Extraordinary claims require extraordinary evidence. Is the impression of the gear implausible? Does it suggest something technically implausible? Or does it go against any known measurements of that gear?

And:

What is the best or most reasonable hypothesis or explanation for a given subjective impression?

So sticking just to evaluating loudspeakers:

If the hypothesis about somebody’s subjective impression is that it is a “ bias effect” then that suggests “ the loudspeaker doesn’t really sound like you think it does; it sounds different than what you perceive.

Well, if that’s going to be one hypothesis, its explanatory power should be put against another possible hypothesis “The sonic impressions are to some relevant degree accurate; because that really is what the speakers sound like!”

So let’s see these different hypotheses in action:

I auditioned the Revel Performa speakers a few times. I went in knowing how Revel speakers generally measure. So that could have biased my perception. Except the first audition didn’t go well - I was surprised by the substandard performance in which the speakers didn’t sound smooth, but somewhat rough in the highs and uneven in the bass. But I quickly realized this was due to a poor set up - as the speakers were placed too close to the back wall and one was near a large reflective wall of glass. The poor set up seemed to overpower any bias I might’ve had that the speakers would sound better.
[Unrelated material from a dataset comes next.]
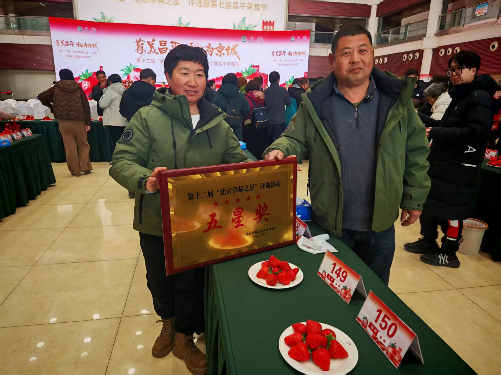 “本次五星奖获得者:宝珠草莓。”当大会主持人宣读结果之后,作为获胜者,北京兴寿乡都种植园魏建忠笑得合不拢嘴。在自家种植的宝珠草莓展台旁,魏建忠两口子携手捧着奖牌拍了一张合影。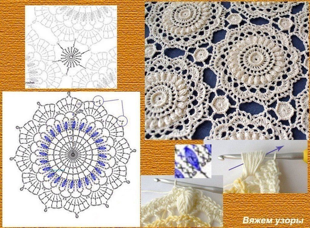 Потрясающие идеи для вязания крючком: салфетки и скатерти из мотивов со схемами | Вяжу ручками-крючками| Виктория Битарова | Дзен

However, in a different store the speakers were set up much better.

And I evaluated them in my normal way: listening to some of the same tracks I’ve used on countless different loudspeakers, and I evaluate the sound from further seating distances, middle and nearer field distances to see how the sound holds up - not every loudspeaker sounds coherent up close. I evaluate the sound in the vertical domain from kneeling down, sitting, standing to see if there’s any “venetian blind” effect or obvious changes, roll off in the highs or whatever. I walk around the speaker, listening from different angles to check off axis performance, both in terms of changes in tonality and changes in imaging - does the sound glom in to one speaker we’re moving off axis, or maintain a sense of spaciousness and imaging between the speakers? Etc.

What I perceived from the Revels was a beautifully balanced sound. Well controlled and even sounding from top to bottom. No obvious colorations. Even if there were room nodes they were not intrusive. Smooth off axis performance. Very neutral while being smooth and easy to listen to.

And all of this is predicted by and consonant with the way those speakers measure.

So what’s the best explanation for my impression? Was it just that I was biased to hear them that way and they didn’t really sound that way? And if they didn’t sound the way I perceive them how did they actually sound? What objective evidence disputes my impressions? It seems to be objective evidence in terms of measurements actually support my impressions.

It seems to me at least as reasonable, Occam's razor style , that the reason I had those impressions is because that’s how the speakers actually sounded. Very much as their measurements help predict.

The same could be said for the number of times I listened to the B&W 804 D4 (and D3) loudspeakers.

What I heard was a very open, very detailed spacious sound, with generally well controlled and not over-rich bass, quite “ free of the box” sounding from top to bottom, but also a lack of warmth in the midrange and some peakiness in the upper mids and treble region. It clearly wasn’t neutral, but instead that modern sculpted B&W sound. This was especially obvious when I heard them the same day that I heard the same tracks earlier on the more neutral Kii Audio Three speakers.

So what’s the best explanation for my impressions? Is it better explained as a bias effect because I do know how B&W tends to measure? Could be.

On the other hand… the measurements DO generally describe how the speaker will sound, and also can comport with my listening impressions.

So is the best explanation for why I heard the B&Ws to be less neutral and more peaky sounding in the upper frequencies than the Kiis a bias effect or… that I was actually hearing what they sound like, which is predicted by the measurements. Put that together with the fact that John Atkinson also report reported the same impressions about their lack of neutrality.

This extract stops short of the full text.